Chuck Ward, a member of First Baptist Church in Jacksonville, asked God for a way he could lead his family in serving Him. Soon after, Chuck and his 11 year-old daughter Grace walked through their family’s neighborhood.
‘The Harvest is truly plentiful’
The answer to Chuck’s prayer came while he and Grace strolled. They noticed fruit-bearing trees all around them. Some had too much hanging fruit; others had dropped their bounty. The harvest they saw was plentiful, but laborers were few. Similar to the harvest Jesus speaks of at the end of the ninth chapter of Matthew.
Deciding to become “laborers,” Chuck and his wife, Melissa, asked neighbors if their family could harvest unused fruit and donate it to local churches and missions. The Wards received positive responses.

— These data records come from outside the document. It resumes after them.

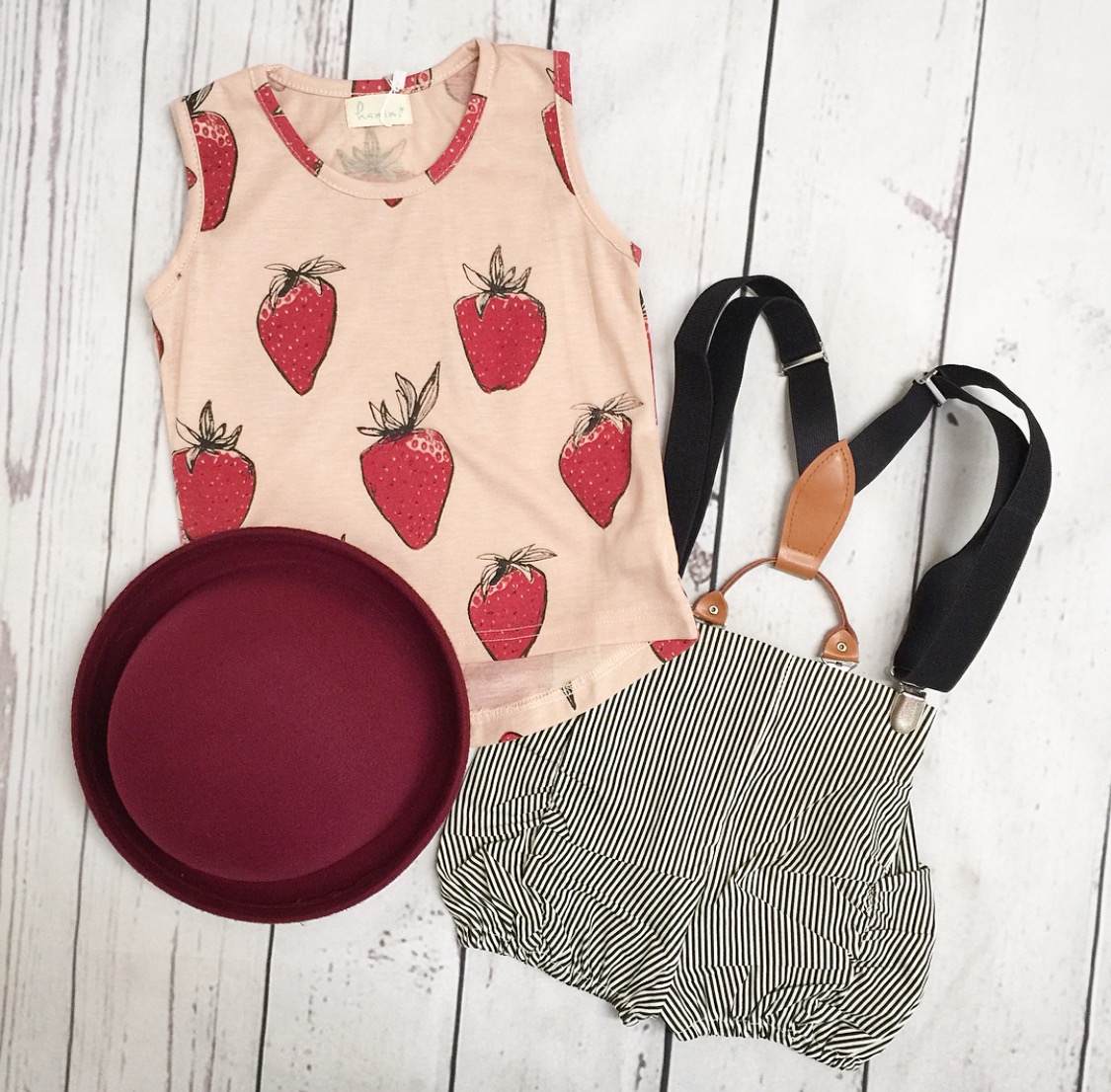 Take your little ones style to the next level! This box includes an ultra soft strawberry tank, heavenly high-waisted shorts, super cute suspenders and a maroon hat to top off the perfect look!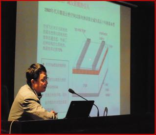王文静研究员概述了半导体结构及其原理、太阳能发电等方面的知识,对表征太阳能电池效率的开路电压(VOC)、短路电流(ISC)效率以及串并联电阻进行了全面的分析,并介绍了多晶硅和单晶硅太阳能电池的产业化制备流程。他还阐述了单晶硅片的制作工艺、晶体硅太阳能电池的生产技术、各类太阳能电池的发展现状。报告会后,王文静教授与师生进行了现场互动交流,并同部分教师围绕我国晶体硅的制作技术与环境问题进行了讨论。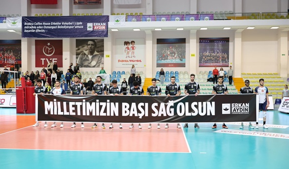 Karşılaşmaya “Milletimizin Başı Sağ Olsun” yazılı pankartla çıkan Osmangazi Belediyespor Erkek Voleybol Takımı, duyarlı davranışıyla taraftarın takdirini topladı.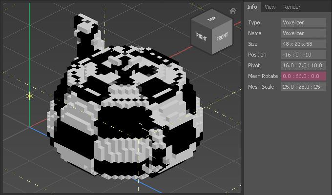 Qubicle's built-in Voxelizer allows you to easily convert OBJ meshes into voxel objects.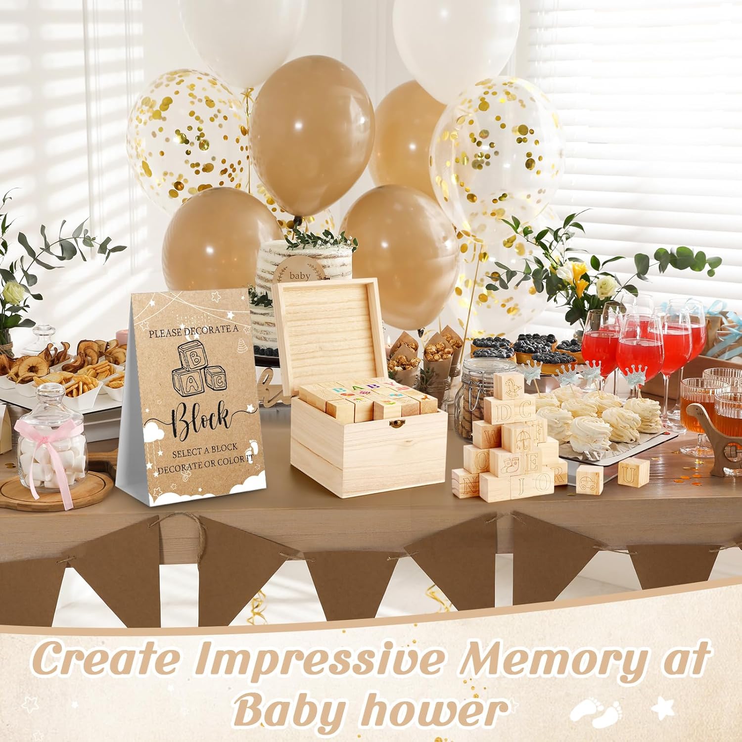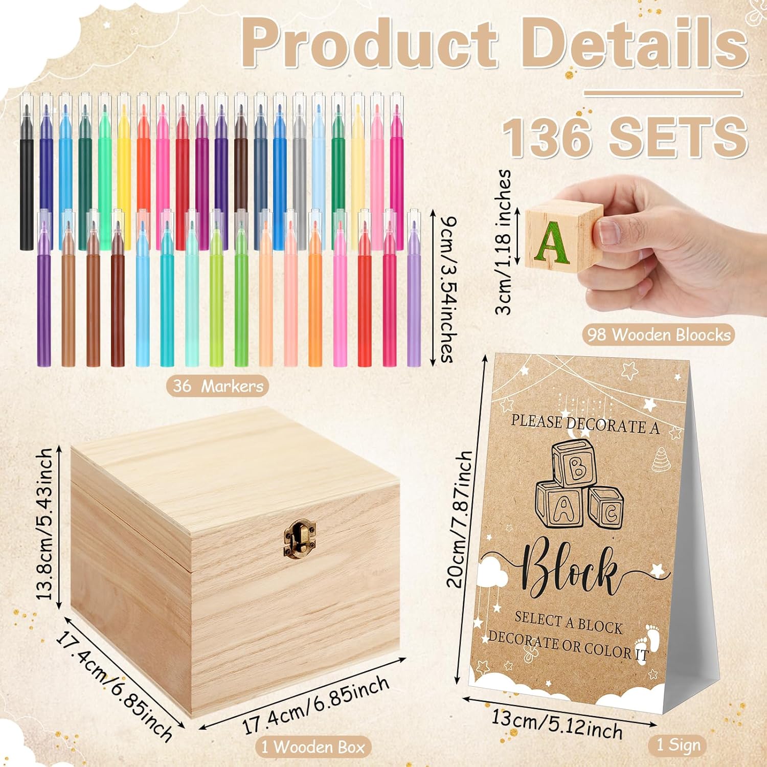 - Funny Baby Shower Games Set: our baby shower blocks kit includes 98 wooden blocks featuring 3 sets of 26 alphabets, numbers 0-9, and 10 patterns; It also comes with 1 game sign, 36-color acrylic markers and a wooden box, Suitable for baby showers and gender reveal parties

In 2012, they harvested and donated 2,642 pounds of fruit to area missions and church groups. Since January of this year, the Wards have delivered 2,555 pounds of produce.

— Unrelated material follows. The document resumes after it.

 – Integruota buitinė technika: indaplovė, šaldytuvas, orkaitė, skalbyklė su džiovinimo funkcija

The family delivers spiritual food in addition to donating physical fruit. They give copies of “Our Daily Bread” and New Testament Bibles to residents at shelters and missions. Last year, the family gave away 55 tracts and 30 New Testaments.
Collection and Distribution
Forgotten Fruit’s area has expanded from Ponte Vedra to Yulee. Their offerings are growing, too. Donors often call the ministry to pick up surplus vegetables and nuts.
The family recently delivered 55 pounds of pecans to the City Rescue Mission in Jacksonville. Excited to receive the nuts, ladies at the shelter shelled them and made cookies, Chuck said.
Over the summer, Forgotten Fruit delivered blueberries and apples to a summer camp run by 2nd Mile Ministries, a Christian community development organization in Jacksonville.
“In the community I work in, it’s difficult to get healthy, fresh produce,” Ruth Arnold, 2nd Mile’s co-founder and executive director, said. “One thing we realize is that some of the health problems we see here partially have to do with lack of access to healthy food.”
Forgotten Fruit’s shipment of blueberries allowed campers who had never eaten blueberries a chance to taste their sweet goodness, she said. “They had fresh blueberries, blueberries with vanilla yogurt, and blueberries in smoothies—lots of different ways to enjoy them.”
Local church involvement
Chuck and Melissa are active members of the ALIVE ministry, led by First Baptist Jacksonville’s executive pastor of Community Life, Trey Brunson.
At Chuck’s suggestion, ALIVE members recently donated socks, toiletries and food items to fill gift bags for the homeless. Meanwhile, Melissa teaches in First Baptist’s middle school department.